### EXERCISE GOAL
Write out the listing exactly, from its first line through the line holding "大家好,综合小编来为大家讲解", but include none of the pictures.

### DATA SHOWN
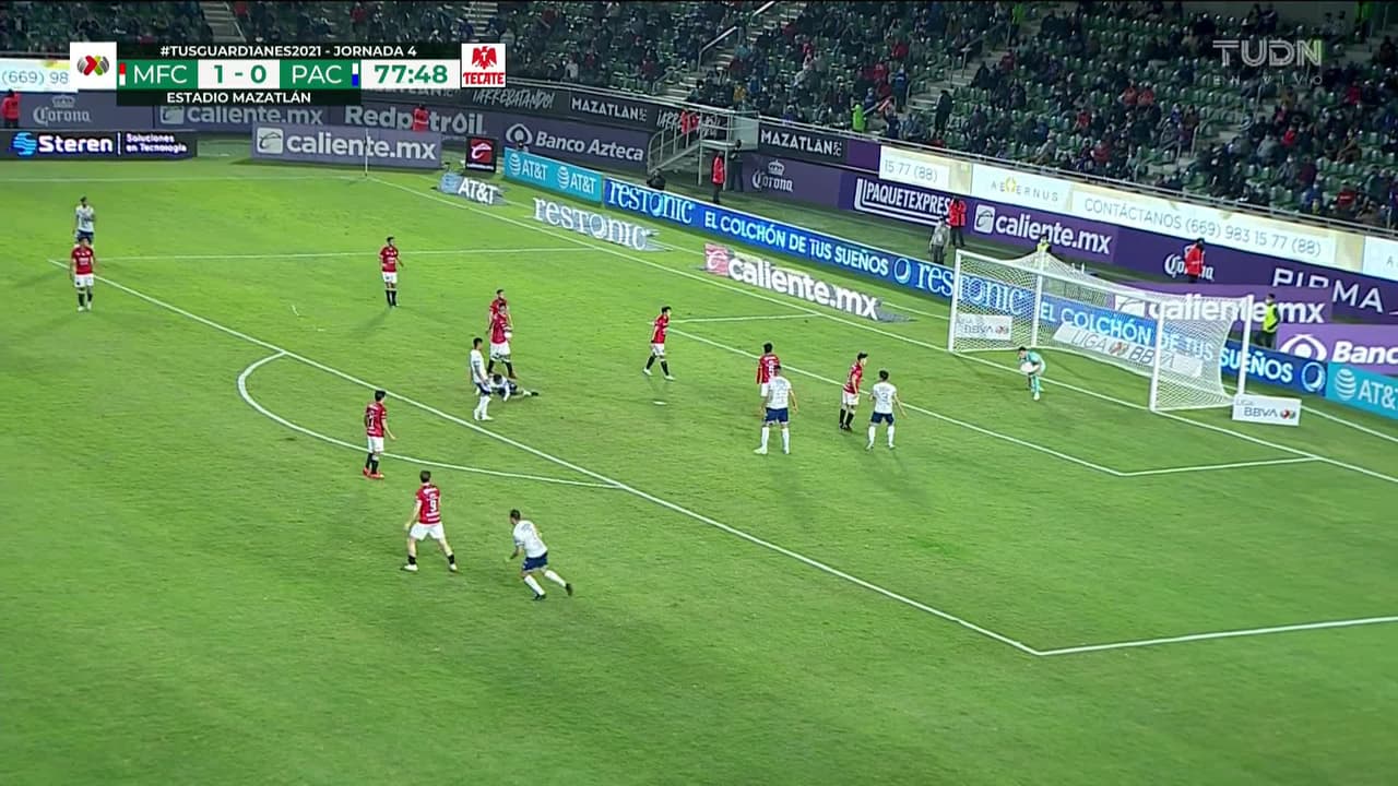 Tiro atajado. Roberto de la Rosa (Pachuca) disparo de cabeza desde el centro del área.
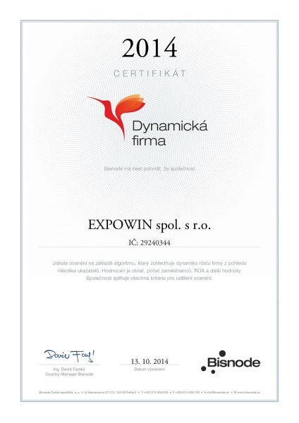 chceme Vám touto cestou poděkovat, protože především díky Vám a Vaší spokojenosti jsme získali ocenění „DYNAMICKÁ FIRMA“. Znamená to, že my - ExpoWin spol. s r. o., jsme důvěryhodná, zdravá firma,
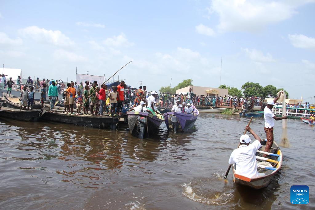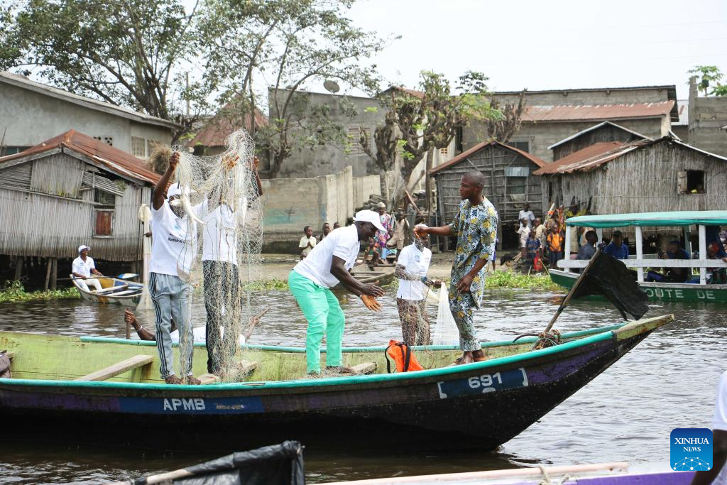 Fishermen catch fish on the occasion of World Fisheries Day in So-Ava, a lakeside town near Cotonou, Benin, on Nov. 21, 2023. (Photo by Seraphin Zounyekpe/Xinhua)
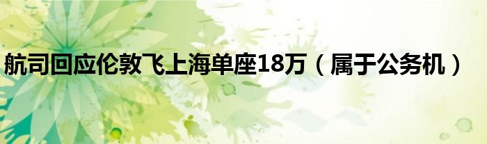 大家好,综合小编来为大家讲解下。航司回应伦敦飞上海单座18万,属于公务机这个很多人还不知道,现在让我们一起来看看吧!
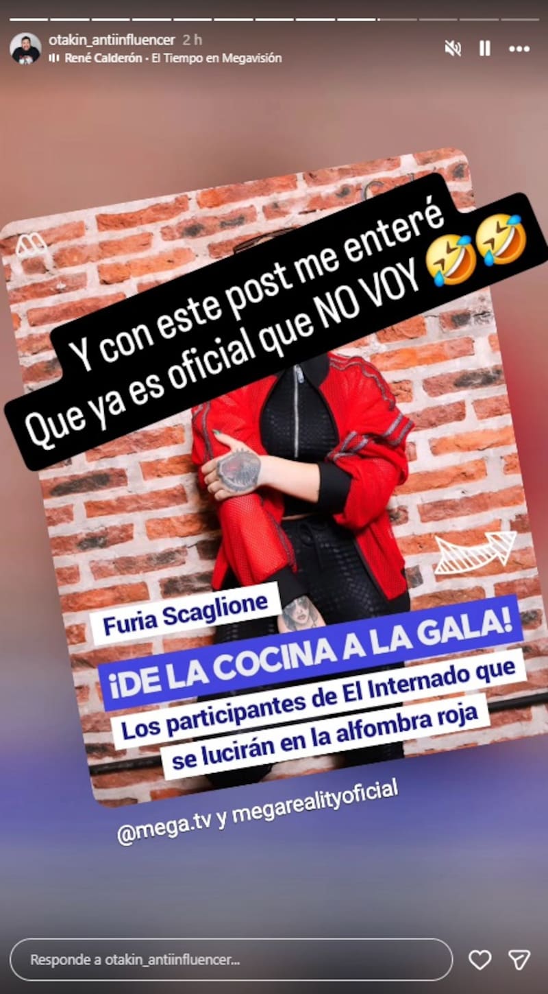 Luego, el participante del reality de Mega compartió la publicación de Instagram del canal con la confirmación de los rostros invitados a la Gala. “Con este post me enteré que ya es oficial que no voy”, escribió.
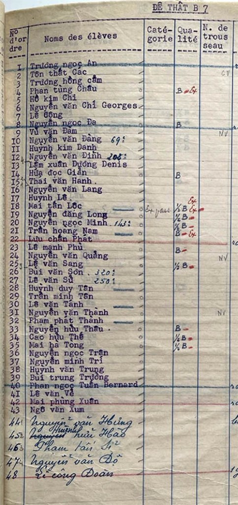 Danh sách học sinh các lớp trong năm học 1951-52 tại trường trung học Petrus Trương Vĩnh Ký Lớp Đệ Thất Lớp Đệ Thất B 1 Lớp Đệ Thất B 2 Lớp Đệ Thất B 3 Lớp Đệ Thất B 4 Lớp Đệ Thất B 5 Lớp Đệ Thất B 6 Lớp Đệ Thất B 7 Lớp Đệ Thất B 8 Share this: Share on X (Opens in new window) X Share on Facebook (Opens in new window) Facebook Like Loading...
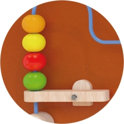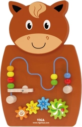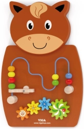 Lesena aktivna plošča v obliki konja je ena vodilnih igrač za razvoj ustvarjalnosti in učenja otrok. Opremljena je z lesenimi zobniki in potjo za kroglice na žički, ki jih lahko otroci premikajo s pomočjo vzvodnega mehanizma. Igrača navdušuje s pestro paleto barv in oblik, kar pomaga pri razvoju sposobnosti prepoznavanja barv in oblik.
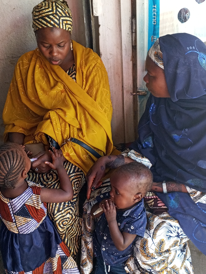 In Fagge C, Nigeria, four individuals are seated in an interior or sheltered exterior space

### RESULT OF THE EXERCISE
 Tiro atajado. Roberto de la Rosa (Pachuca) disparo de cabeza desde el centro del área.
 chceme Vám touto cestou poděkovat, protože především díky Vám a Vaší spokojenosti jsme získali ocenění „DYNAMICKÁ FIRMA“. Znamená to, že my - ExpoWin spol. s r. o., jsme důvěryhodná, zdravá firma,
 Fishermen catch fish on the occasion of World Fisheries Day in So-Ava, a lakeside town near Cotonou, Benin, on Nov. 21, 2023. (Photo by Seraphin Zounyekpe/Xinhua)
 大家好,综合小编来为大家讲解下。航司回应伦敦飞上海单座18万,属于公务机这个很多人还不知道,现在让我们一起来看看吧!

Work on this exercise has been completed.